How can PML-N just exist on one issue, the people who voted for PML-N wanted more, they wanted their problems solved, their day to day life to improve. I’m 100% sure everyone who voted for PML-N was not even interested in IFTIKHAR CHOUDHRY.

But that’s what we can expect from a lacklusture, visionless, objectiveless and pointless existence of NAWAZ SHARIF and PML-N.A party does not deserve to exist if it only has ONE ISSUE to do politics on, even that ONE ISSUE of JUDICIARY is where they have jumped on the bandwagon.

PML-N betrayed their voters by quitting the government. They should have stayed in government and showed some sincerity with its voters by working on their issues.By quitting it showed their lack of interest in ordinary Pakistanis and their issues.

Whereas ZARDARI was the one who slowly and cleverly built together his coalition and was working on future plans.

It was ZARADRI who was able to disunite the Lawyers movement. A movement which did quite a lot in disrupting Pakistan’s progress in the last year.Zardari was able to break the momentum of the movement and also has been successful in buying out some deposed judges and restoring them back into office. In the process of breaking the lawyers movement ZARDARI was successful in shutting up the PML-N who had only one issue to cry on. Now NAWAZ SHARIF has no where to run or nothing to cry about and as expected NAWAZ will go to LONDON and try to hide his humiliation of failing to achieve anything.

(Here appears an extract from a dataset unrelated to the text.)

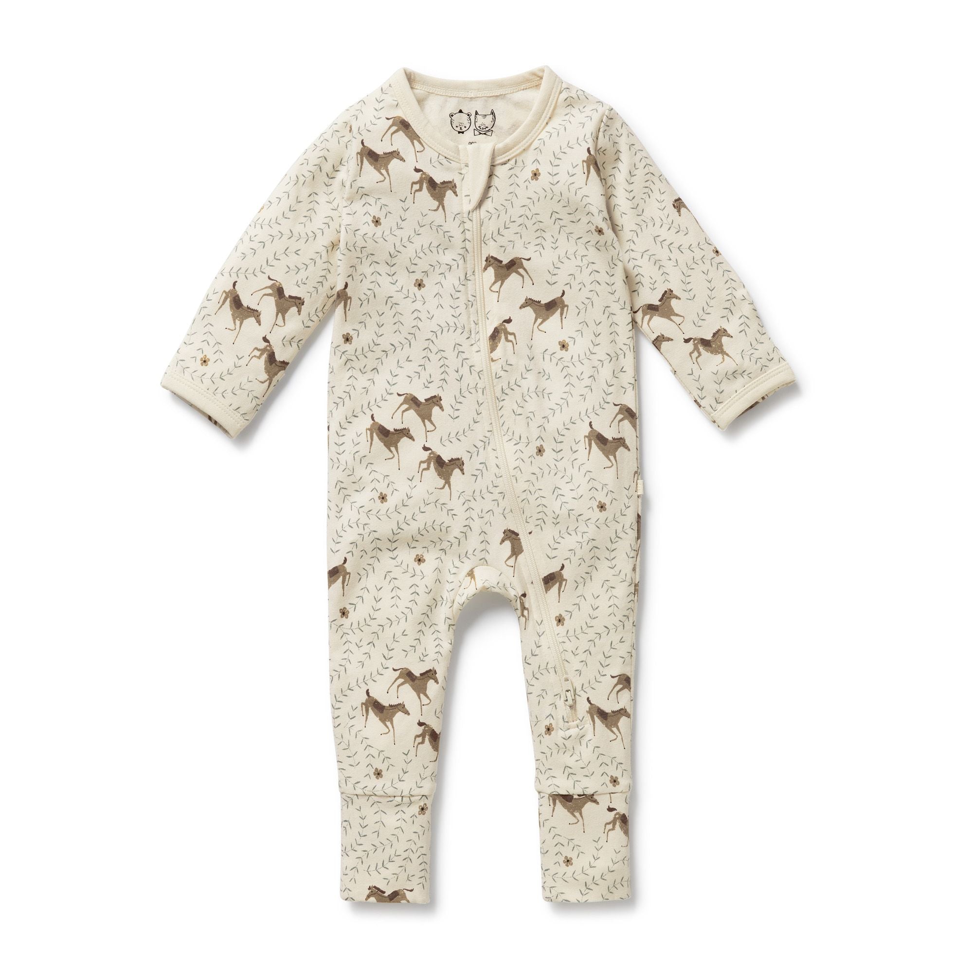 The two-way zip closure makes those late-night nappy changes quick and easy, while the fold-over mittens (available in sizes newborn to 000) help protect baby’s face from tiny fingernails. With the optional footed design, this full-length suit is perfect for all-day wear and sleep. Featuring a beautiful hand-illustrated print, it’s as stylish as it is functional.
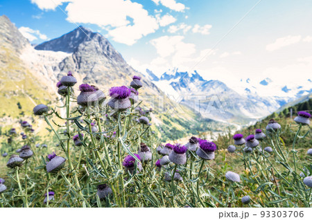 Wild thistle flowers in the high mountains of the Swiss Alps

It was ZARDARI who contributed the most in MUSHARRAFS RESIGNATION.Nawaz Sharif was moaning about the President for a long time but until ZARADRI agreed everyone was hopeless to do anything. But finally it was ZARADRI who changed his mind and decided to go after the president only than MUSHARRAF decide to call it a day.

Finally it was ZARDARI who wanted to become president and despite all efforts of the PML-N not wanting so,ZARDARI thrashed PML-N’s candidate and became the president of Pakistan whereas NAWAZ the clueless was relying on public opinion polls and thought that his presidential candidate will surprise everyone but once again the wishful thinking of the incompetent NAWAZ SHARIF brought humiliation for him.

So it is ZARADARI AND PPP who have managed to secure the presidency and strengthen their hold in government and it’s the wild and amateurish decisions of NAWAZ SHARIF which has meant that from gaining 90 seats in the National Assembly and securing 9 Ministers their ONE ISSUE POLITICS OF LAWYERS is going no where and they have all resigned from their ministries, their presidential candidate received a battering from ZARADRI and they are sitting on the OPPOSITION BENCHES and NAWAZ is back in LONDON.

WHAT A HUMILIATION THRASHED ON NAWAZ AND PML-N FROM ZARADRI AND PPP.